Happiness is not unimportant, but it cannot be our ultimate goal. Joy should be our goal. Joy is actually within our reach while happiness is not within our control. In her book, Fight Back with Joy, Margaret Feinberg researched the over four hundred instances of the word joy in the Bible and filtered the research through her own battle with cancer. I love her comment on joy. Feinberg says, “joy is a wide spectrum of feelings, actions, and emotions.”

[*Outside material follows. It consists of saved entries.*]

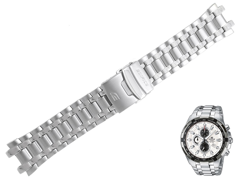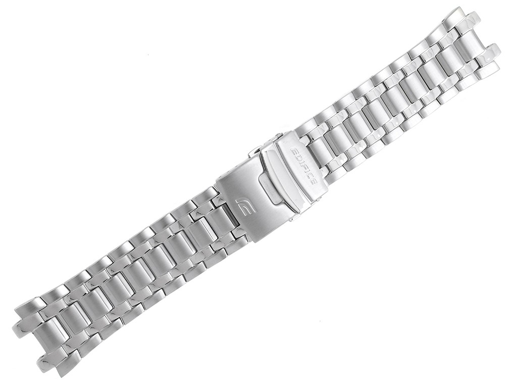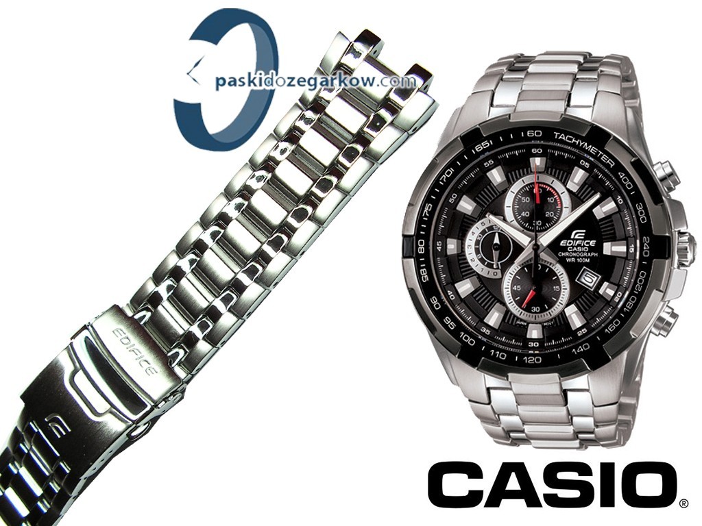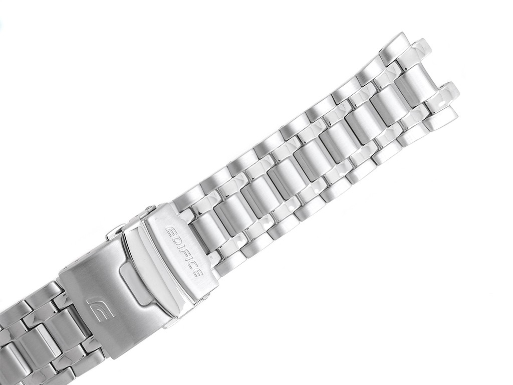 Oryginalna bransoleta do zegarka marki Casio Edifice EF-539D, wykonana ze stali nierdzewnej w kolorze srebrnym, na zapięciu wybity napis i logo Edifice.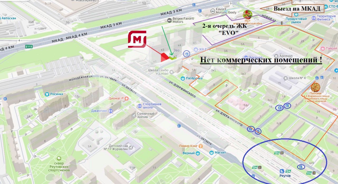 -9 минут пешком от станции МЦД-4 Реутов и 20 минут пешком от станции метро Новокосино;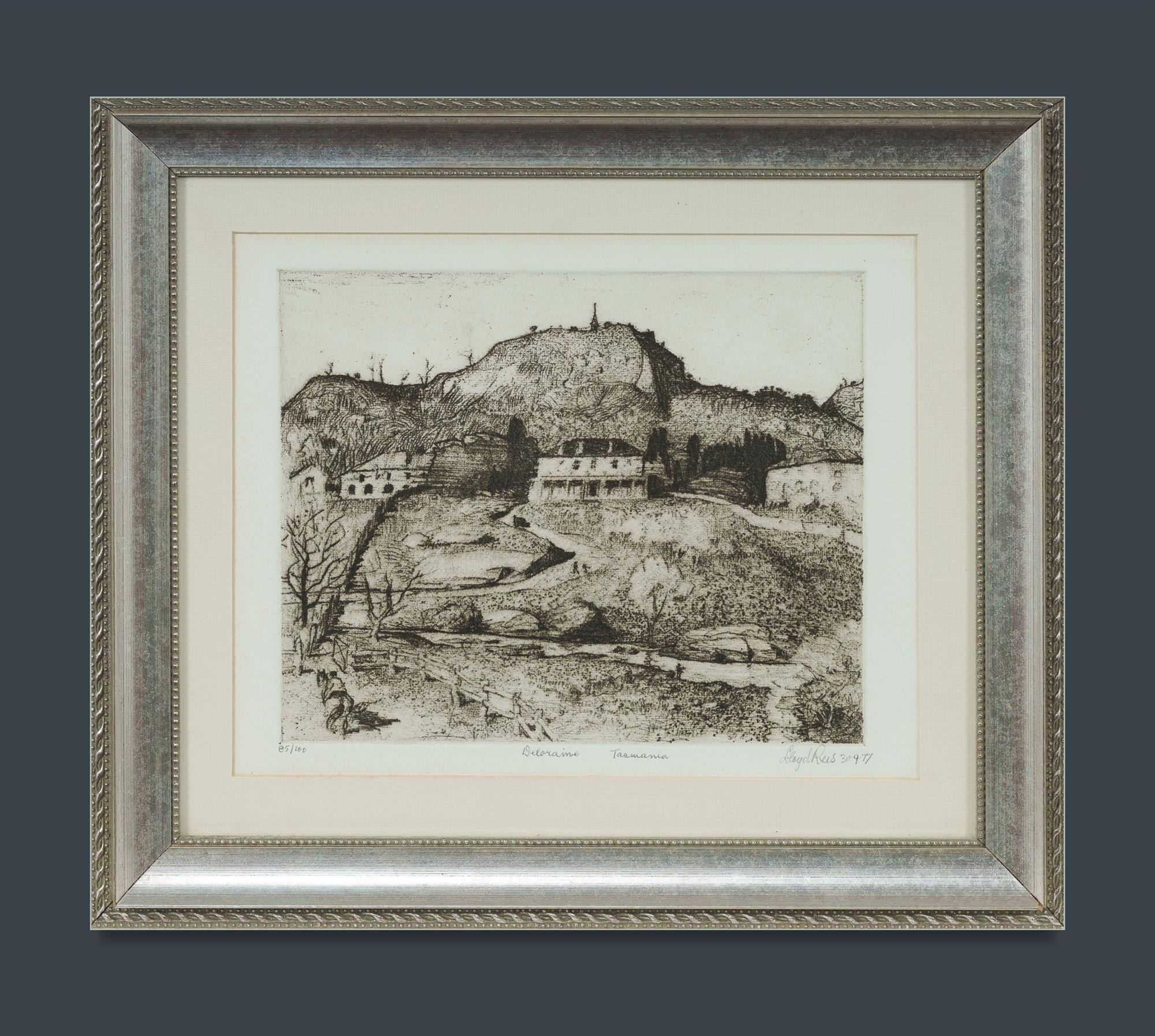 REES, Lloyd (1895-1988) 'Deloraine, Tasmania,' 1977. Signed and dated lower right. Etching 85/100 20x25cm PROVENANCE: Ken Hinds Cultural Heritage Collection, Qld. LITERATURE: Kolenberg, H., 'Lloyd Rees: Etchings and Lithographs,' The Beagle Press, Sydney, 1986, p.39 (#20)Estimate $200-300

Sure, joy can be how we feel, but joy can also be an action we take when we don’t feel it. As Feinberg learned during her battle with cancer, joy is resilient and a weapon we can use to fight back against adversity. Have you ever noticed how the most joyful people are often those who’ve been through the most, not the least? Their joy is often defiant. This kind of joy does not deny reality – these people are facing reality head-on. Instead, their joy defies reality – it chooses to remember that they are fiercely loved. Defiant joy chooses to be grateful for all the past and present blessing. Living with this defiant joy enables us sees opportunities in the future to serve others and live with wonder.
In Fight Back with Joy, Feinberg wrote, “joy emanates out of the abiding sense of God’s fierce love for us.” This is where our second and third solutions connect. If we have an abiding sense that we are loved, even amidst adversity, we can sustain joy. And when that joy infects what we do, then others will discover hope, meaning, and connection through their interaction with us.
Being Light in the Face of The Darkness We Saw in Las Vegas
As I write this blog, the world is still recovering from the news of a horrific massacre in my hometown of Las Vegas, Nevada. 59 people were killed and over 500 were injured when a gunman opened fire from his hotel room into a sea of over twenty thousand concertgoers.
As we try to make sense of what drove this man to carry out this kind of evil, we’re reminded of the darkness which infects the human soul. We’re reminded that our world is not as it should be and the inability of science and technology to restore that kind of darkness, to bring light to that kind of darkness.
I’m praying you’ll sidestep the dangers which could send you down the path of cynicism, despair, and disappointment. To be a light in this dark world, we’ll need hope, courage, and joy.